Address unproductive waiting with Lean Six Sigma: Streamlining production to relieve bottlenecks and improve employee communication to sustain fewer mandated downtimes. Require timely responses to machinery or equipment when they require repairs. Ensuring employees aren’t bombarded by distractions can help them from periods of elected inactivity. Examining meetings is also an important step in eliminating waiting waste. Does every meeting serve a purpose? Is every meeting conducted in an efficient way? Hours of worthless meeting time are a common waste of waiting time.

4. Non-utilized Talent

An organization’s best asset is often its employees, and not only for the role they fulfill in their day-to-day jobs. Employees are also key sources for innovative ideas, but organizations often fail to foster this perspective and creativity in their employees.

Address under-used talent with Lean Six Sigma: Offer incentives, competitions or rewards to inspire employees to share their full range of talents. And, ensure leadership encourages feedback and participation from employees when applying Lean Six Sigma principles.

5. Transportation

Getting product in the customer’s hands is a critical part of the process. Often, unnecessary movement is part of the transportation process, if materials are shuffled around a site without adding any value.

Address transportation waste with Lean Six Sigma: As part of the made-to-order system mentioned to mitigate overproduction, that system should also reduce unnecessary transportation steps by striving to contain the production process to a single location as much as possible. A detailed, visual process map ensures employees are clear on the process.

6. Inventory

Not only does a large inventory cost space and money for organizations, but it can also foster overproduction, extra processing, and higher defects rates when the volume produced is significantly higher than necessary.

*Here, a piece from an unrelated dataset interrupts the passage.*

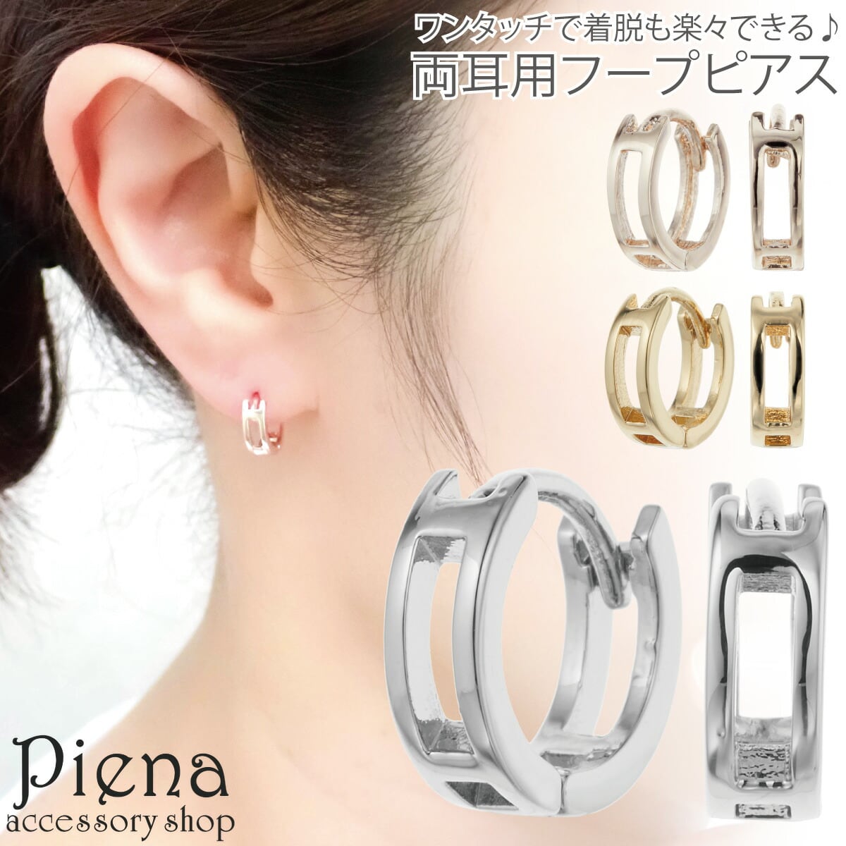 フープピアス レディース 両耳用 二連風 ダブルライン 抜け感 ミニ 小さめ 中折れ ワンタッチ シンプル お肌に優しい 金属アレルギー対応 パーティー 結婚式 誕生日 記念日 プレゼント ギフト メール便送料無料

Address excessive inventory with Lean Six Sigma: Improving the accuracy of your organization’s forecasting can keep production in line with demand, and closing gaps in the process itself ensure a more streamlined, made-to-order approach with a steady flow of product at demand. Also, remove outdated, unused, or broken items, as they simply add to clutter.

7. Motion

While a few extra steps from an employee or extra movement from a machine may seem trivial, when multiplied across the production process, unnecessary motion is costly in time, resources and money. Sometimes, motion can even be deceiving, causes a machine or employee to appear busy when that “business” isn’t yielding anything productive.

Address unnecessary motion with Lean Six Sigma: Intentional workspace and operating equipment can be designed with minimal movement in mind. And, the steps required in the process can be examined in detail to assure that every movement brings value.

8. Extra Processing

Unexamined processes can often contain superfluous steps that don’t add any value. For example, an extra review in the process can be eliminated if the process is done correctly the first time. Every step in the process should be adding value, either directly or indirectly.

Address extra processing with Lean Six Sigma: In some cases, organizations may not have an established process, which often yields imprecise, irregular workflow. Establish a process as a first step. Applying value stream mapping can help organizations understand their process and rate each step’s value in the process. Then, eliminate unnecessary steps.

Examples of Waste

How does this apply in a real environment? Consider The Urology Group in Cincinnati, Ohio. For this group, waste took several forms:

  • Cycle time of order processing
  • Hosting patients up to an hour before surgery wastes available space and resources
  • Length of time required for patients to receive treatments
  • Quality of information technology ticketing system

Through detailed Lean Six Sigma process mapping, these issues and more were improved.

Organizations are in the business of creating profit or achieving an objective, and applying Lean Six Sigma can equip them to meet that goal, expending fewer resources, less time, and with less cost along the way.